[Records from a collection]

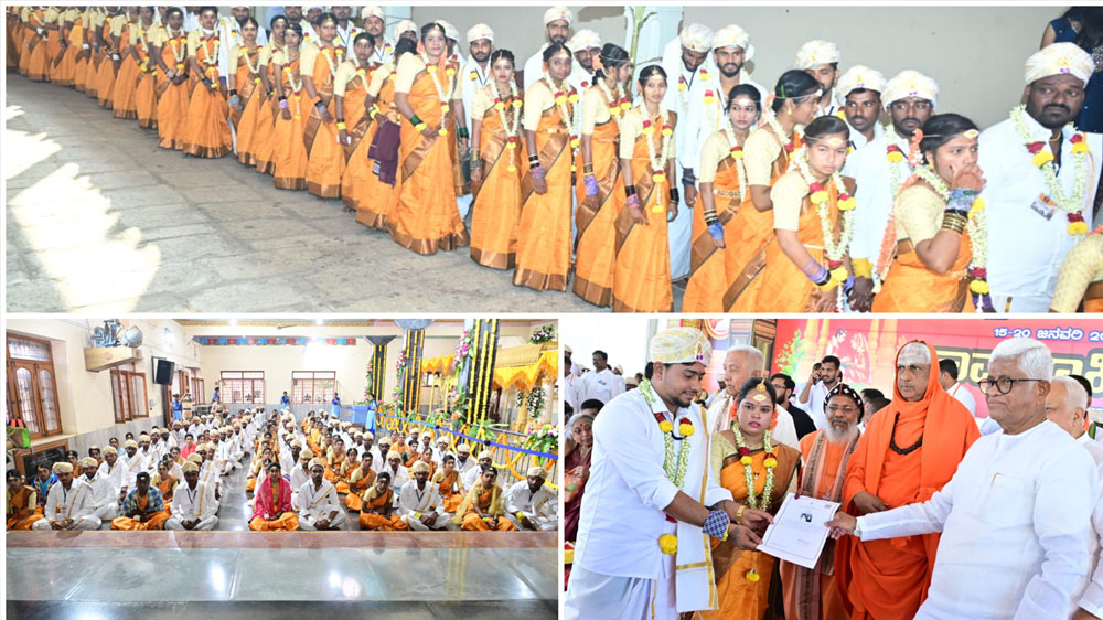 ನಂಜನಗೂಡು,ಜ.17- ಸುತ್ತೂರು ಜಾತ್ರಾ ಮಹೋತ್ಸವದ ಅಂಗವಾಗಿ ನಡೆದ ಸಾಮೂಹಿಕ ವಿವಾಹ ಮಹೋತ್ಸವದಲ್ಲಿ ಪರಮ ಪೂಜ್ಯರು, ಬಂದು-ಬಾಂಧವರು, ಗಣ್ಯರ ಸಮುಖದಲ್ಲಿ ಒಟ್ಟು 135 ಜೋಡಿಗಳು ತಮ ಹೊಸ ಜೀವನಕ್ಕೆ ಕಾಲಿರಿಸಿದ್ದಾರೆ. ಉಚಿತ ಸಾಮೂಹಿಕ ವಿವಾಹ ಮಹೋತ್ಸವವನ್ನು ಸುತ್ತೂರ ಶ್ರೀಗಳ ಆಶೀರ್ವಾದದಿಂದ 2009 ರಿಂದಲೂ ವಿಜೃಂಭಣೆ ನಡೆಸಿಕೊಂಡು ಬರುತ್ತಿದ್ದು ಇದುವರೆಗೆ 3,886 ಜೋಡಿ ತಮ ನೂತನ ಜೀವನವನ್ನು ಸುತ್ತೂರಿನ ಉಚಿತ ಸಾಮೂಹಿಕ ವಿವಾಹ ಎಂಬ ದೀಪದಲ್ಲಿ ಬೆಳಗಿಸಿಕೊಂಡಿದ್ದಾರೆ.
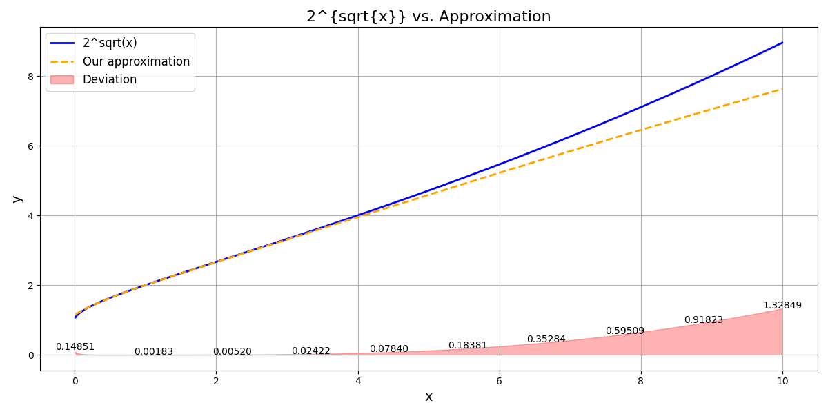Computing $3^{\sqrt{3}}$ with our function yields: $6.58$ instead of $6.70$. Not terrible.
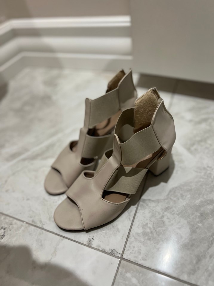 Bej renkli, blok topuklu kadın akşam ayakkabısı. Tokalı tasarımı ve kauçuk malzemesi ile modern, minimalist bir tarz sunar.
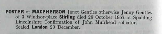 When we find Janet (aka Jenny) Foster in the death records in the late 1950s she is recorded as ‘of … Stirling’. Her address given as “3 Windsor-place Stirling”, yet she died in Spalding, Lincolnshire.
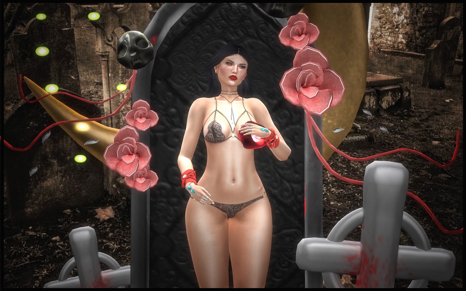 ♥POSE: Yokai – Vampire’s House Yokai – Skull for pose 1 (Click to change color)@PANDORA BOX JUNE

--

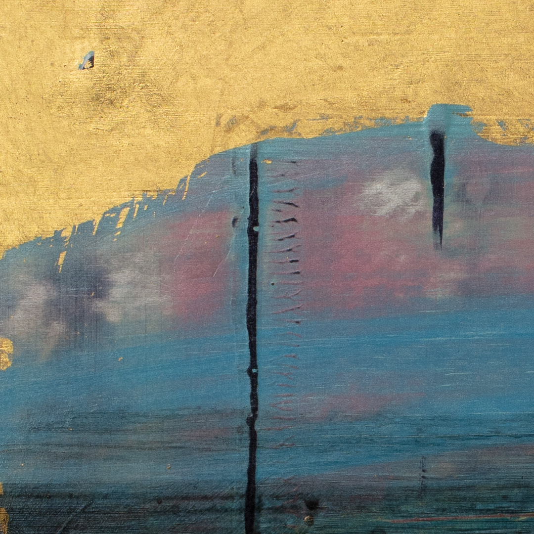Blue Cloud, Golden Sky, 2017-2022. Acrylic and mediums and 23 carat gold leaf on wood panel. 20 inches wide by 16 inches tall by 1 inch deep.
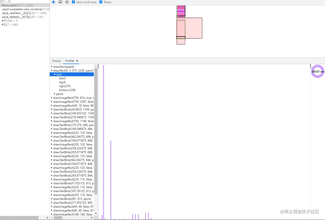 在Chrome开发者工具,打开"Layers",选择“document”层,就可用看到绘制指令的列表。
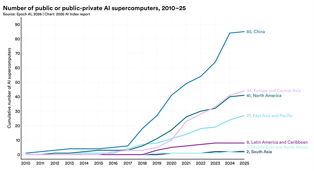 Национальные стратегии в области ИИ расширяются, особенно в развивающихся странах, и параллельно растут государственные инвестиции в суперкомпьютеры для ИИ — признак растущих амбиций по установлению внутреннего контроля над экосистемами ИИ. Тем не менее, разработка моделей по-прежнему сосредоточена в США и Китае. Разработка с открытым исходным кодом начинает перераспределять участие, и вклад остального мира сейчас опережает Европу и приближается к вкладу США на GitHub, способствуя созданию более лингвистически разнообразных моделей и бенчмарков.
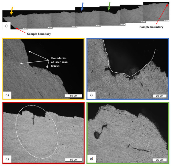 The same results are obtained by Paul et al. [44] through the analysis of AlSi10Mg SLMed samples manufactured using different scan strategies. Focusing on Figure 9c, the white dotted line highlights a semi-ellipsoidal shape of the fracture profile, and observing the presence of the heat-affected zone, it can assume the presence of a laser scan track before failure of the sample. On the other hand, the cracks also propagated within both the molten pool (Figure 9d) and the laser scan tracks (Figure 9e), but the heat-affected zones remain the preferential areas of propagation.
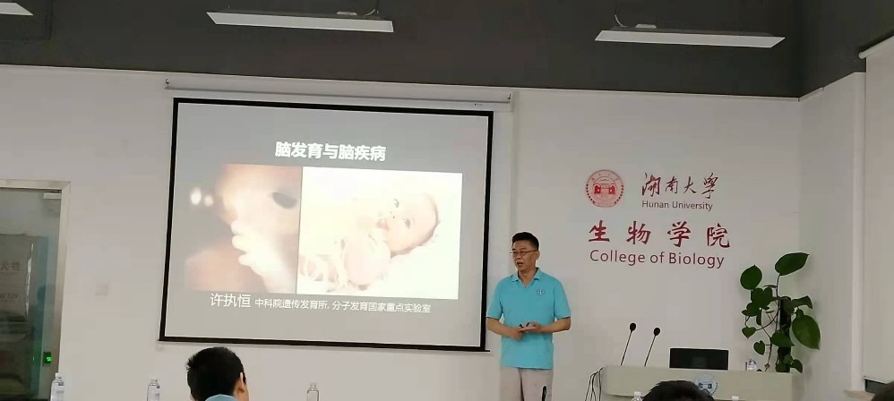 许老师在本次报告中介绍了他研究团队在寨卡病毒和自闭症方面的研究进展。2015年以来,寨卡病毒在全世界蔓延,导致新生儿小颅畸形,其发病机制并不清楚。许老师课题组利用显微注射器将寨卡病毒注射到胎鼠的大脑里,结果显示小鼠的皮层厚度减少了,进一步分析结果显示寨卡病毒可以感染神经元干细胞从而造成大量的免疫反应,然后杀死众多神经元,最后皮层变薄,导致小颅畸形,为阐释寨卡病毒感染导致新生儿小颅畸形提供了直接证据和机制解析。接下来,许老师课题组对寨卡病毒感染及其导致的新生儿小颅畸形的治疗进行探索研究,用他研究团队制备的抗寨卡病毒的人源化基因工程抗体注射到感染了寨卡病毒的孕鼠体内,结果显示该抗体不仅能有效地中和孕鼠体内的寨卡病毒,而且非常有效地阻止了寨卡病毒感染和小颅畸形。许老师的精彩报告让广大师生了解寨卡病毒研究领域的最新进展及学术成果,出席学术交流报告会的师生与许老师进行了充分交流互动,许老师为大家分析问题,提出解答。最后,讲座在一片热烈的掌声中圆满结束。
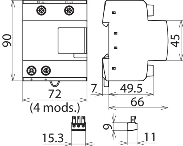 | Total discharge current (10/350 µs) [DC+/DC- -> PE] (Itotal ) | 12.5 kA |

**What you will do**
A verbatim reproduction is expected: starting at the line above that has "ನಂಜನಗೂಡು,ಜ.17- ಸುತ್ತೂರು ಜಾತ್ರಾ", ending at the line that has "color)@PANDORA BOX JUNE", both included, and with no pictures and no other lines.

**Solution for this problem**
 ನಂಜನಗೂಡು,ಜ.17- ಸುತ್ತೂರು ಜಾತ್ರಾ ಮಹೋತ್ಸವದ ಅಂಗವಾಗಿ ನಡೆದ ಸಾಮೂಹಿಕ ವಿವಾಹ ಮಹೋತ್ಸವದಲ್ಲಿ ಪರಮ ಪೂಜ್ಯರು, ಬಂದು-ಬಾಂಧವರು, ಗಣ್ಯರ ಸಮುಖದಲ್ಲಿ ಒಟ್ಟು 135 ಜೋಡಿಗಳು ತಮ ಹೊಸ ಜೀವನಕ್ಕೆ ಕಾಲಿರಿಸಿದ್ದಾರೆ. ಉಚಿತ ಸಾಮೂಹಿಕ ವಿವಾಹ ಮಹೋತ್ಸವವನ್ನು ಸುತ್ತೂರ ಶ್ರೀಗಳ ಆಶೀರ್ವಾದದಿಂದ 2009 ರಿಂದಲೂ ವಿಜೃಂಭಣೆ ನಡೆಸಿಕೊಂಡು ಬರುತ್ತಿದ್ದು ಇದುವರೆಗೆ 3,886 ಜೋಡಿ ತಮ ನೂತನ ಜೀವನವನ್ನು ಸುತ್ತೂರಿನ ಉಚಿತ ಸಾಮೂಹಿಕ ವಿವಾಹ ಎಂಬ ದೀಪದಲ್ಲಿ ಬೆಳಗಿಸಿಕೊಂಡಿದ್ದಾರೆ.
Computing $3^{\sqrt{3}}$ with our function yields: $6.58$ instead of $6.70$. Not terrible.
 Bej renkli, blok topuklu kadın akşam ayakkabısı. Tokalı tasarımı ve kauçuk malzemesi ile modern, minimalist bir tarz sunar.
 When we find Janet (aka Jenny) Foster in the death records in the late 1950s she is recorded as ‘of … Stirling’. Her address given as “3 Windsor-place Stirling”, yet she died in Spalding, Lincolnshire.
 ♥POSE: Yokai – Vampire’s House Yokai – Skull for pose 1 (Click to change color)@PANDORA BOX JUNE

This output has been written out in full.